Pipelined Processor

A pipelined processor is a processor implementation in which the behavior of implementation registers can depend on several instructions that are currently being processed by the pipeline. In the cited verification work, this is presented as a reason why the implementation state of a pipelined design is more complex than the programmer-visible architectural state.^[1]

Architectural state and mapping functions

For processor verification, an operation naturally corresponds to the execution of a single instruction. Each operation property describes how the internal state and output signals change when the processor executes that instruction. The design state is described in terms of a high-level or architectural state corresponding to the programmer's view of the visible registers.^[2]

In a pipelined processor, the relationship between architectural state and implementation registers is not direct. The evidence gives the example of a register file: implementation-register behavior may depend on multiple in-flight instructions, so a mapping function links the architectural register-file state to the implementation and captures the pipeline's forwarding logic. The same source notes that forwarding logic can be hidden in a mapping function, such as vreg, representing the architectural register file.^[1]

Role in instruction-set simulators

Instruction set simulators (ISSs) are used for early software development and testing before a processor is manufactured. Gate-level simulation can be cycle-accurate, but its performance is typically insufficient for in-depth software testing; more abstract ISA-based simulators can achieve several million instructions per second, but they risk diverging from the actual design if the ISA is reimplemented separately.^[3]

A cited ISS-generation approach derives a simulator from a complete property suite used for formal verification. In that approach, an architecture description mainly consists of an architectural state and a next_state function describing the effects of instructions and interrupts on that state. The authors reformulate operation properties into an architectural style to make ISS generation straightforward.^[4]

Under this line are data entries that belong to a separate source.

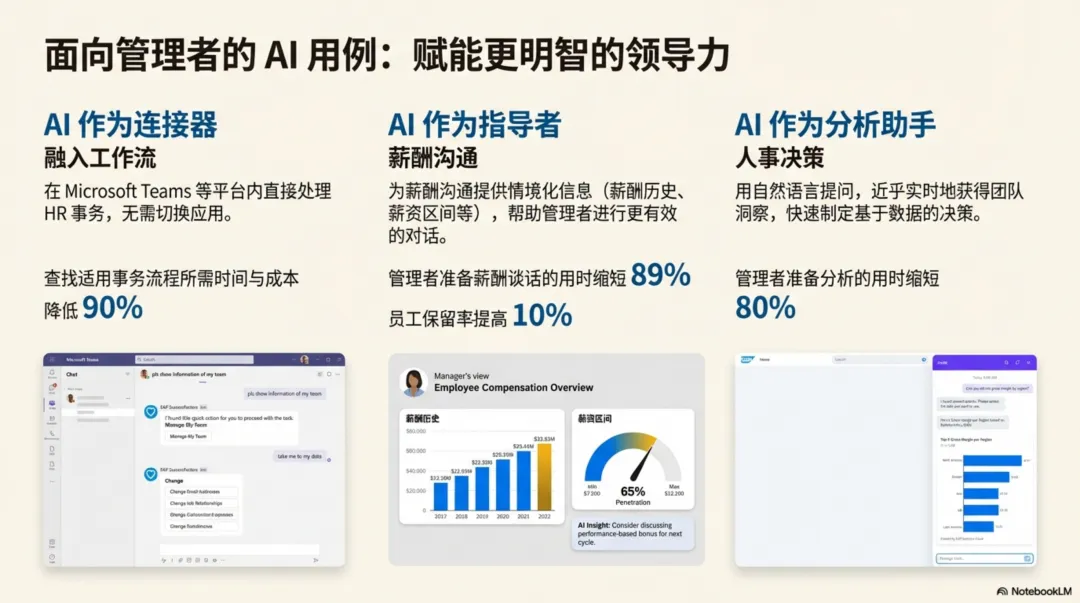 高绩效企业不仅用这些系统实现流程自动化,更将其作为推动业务转型的基石。报告指出,只有基于高质量、结构化且互联互通的数据,AI才能有效赋能员工(如智能问答与文书辅助)、管理者(如薪酬沟通与决策分析)和HR团队(如合规监控与政策解答),从而提升效率、优化体验并驱动更明智的战略决策。
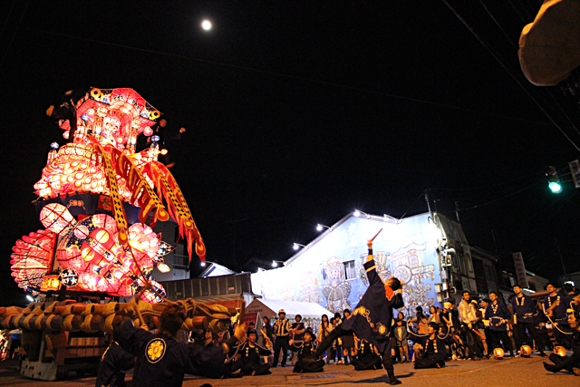 福野神明社の祭礼に向け、福野町7町内の若衆は寒中から毎晩集まって行燈を作り始めます。5月1日には、太鼓や笛の音とともに、若衆の勇ましい「ヨイヤサ!ヨイヤサ!」の掛け声が街中に響き渡り、美しい行燈が夜空に浮かび上がります。
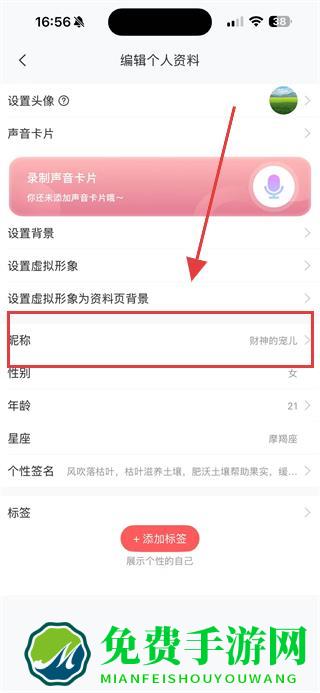 3、在编辑个人资料界面中点击昵称,进入昵称设置页面。

Pipeline details can affect simulator generation and performance. The ISS-generation paper notes that properties used for generation reflect hardware and pipeline effects that may not be present in a high-level ISA description, and that these effects can decrease simulation performance.^[5]

Example evaluated processors

The ISS-generation study evaluated a small pipelined processor with eight 16-bit registers, a special register for an interrupt return vector, a 5-stage pipeline, a simple data-memory interface, and an instruction set of seven instructions covering logic, arithmetic, memory access, and jumps. For this processor, the generated ISS reached 7 MIPS, compared with 0.22 MIPS for an interpretive simulator and 14 MIPS for a just-in-time compiled simulator from a commercial tool.^[6]

The same study also evaluated an industrial processor design with 64 32-bit registers in multiple hardware contexts, advanced processor features, a 7-stage pipeline, data-memory and bus interfaces, and 88 instructions based on the DLX instruction set architecture. Its processor core contained about 10,000 lines of VHDL, while the reformulated property suite contained about 2,000 lines of ITL. The generated ISS achieved 1.2 MIPS, compared with 2.5 MIPS for a just-in-time compiled simulator built using a commercial tool suite.^[7]

Modeling and synthesis approaches

A public arXiv summary describes Reduced Colored Petri Nets (RCPN) as a model intended to provide a simple and intuitive way to model pipelined processors and generate high-performance cycle-accurate simulators. The same summary states that RCPN processor models mirror processor pipeline block diagrams and reports about a 15× speedup over the SimpleScalar ARM simulator for generated cycle-accurate simulators for XScale and StrongArm models.^[8]

Another public arXiv summary frames pipelined-processor controller specification using the Burch-Dill paradigm: the visible behavior of a pipelined system should be identical to a non-pipelined reference system. That work reports synthesizing a controller for a simple two-stage pipelined processor using interpolation from an unsatisfiable SMT formula.^[9]

Key implications

Pipelining complicates the relation between implementation registers and architectural state because several instructions may be active in the pipeline at once.^[1]
Architectural-state abstractions and mapping functions can hide pipeline details such as forwarding logic while preserving an instruction-level view.^[1]
ISS generation for pipelined processors may need to account for hardware and pipeline effects that are absent from high-level ISA descriptions.^[5]
Formal and model-based techniques in the cited sources use architectural equivalence, property suites, or pipeline-structured models to reason about pipelined processors.^[4]^[8]^[9]

^[1]: See citation "Pipeline implementation state and forwarding logic". ^[2]: See citation "Operation properties and architectural state". ^[3]: See citation "ISS motivation and design divergence risk". ^[4]: See citation "Architectural-style ISS generation". ^[5]: See citation "Pipeline effects in generated ISS performance". ^[6]: See citation "Small 5-stage pipelined processor experiment". ^[7]: See citation "Industrial 7-stage pipelined processor experiment". ^[8]: See citation "RCPN modeling of pipelined processors". ^[9]: See citation "Controller synthesis for a two-stage pipelined processor".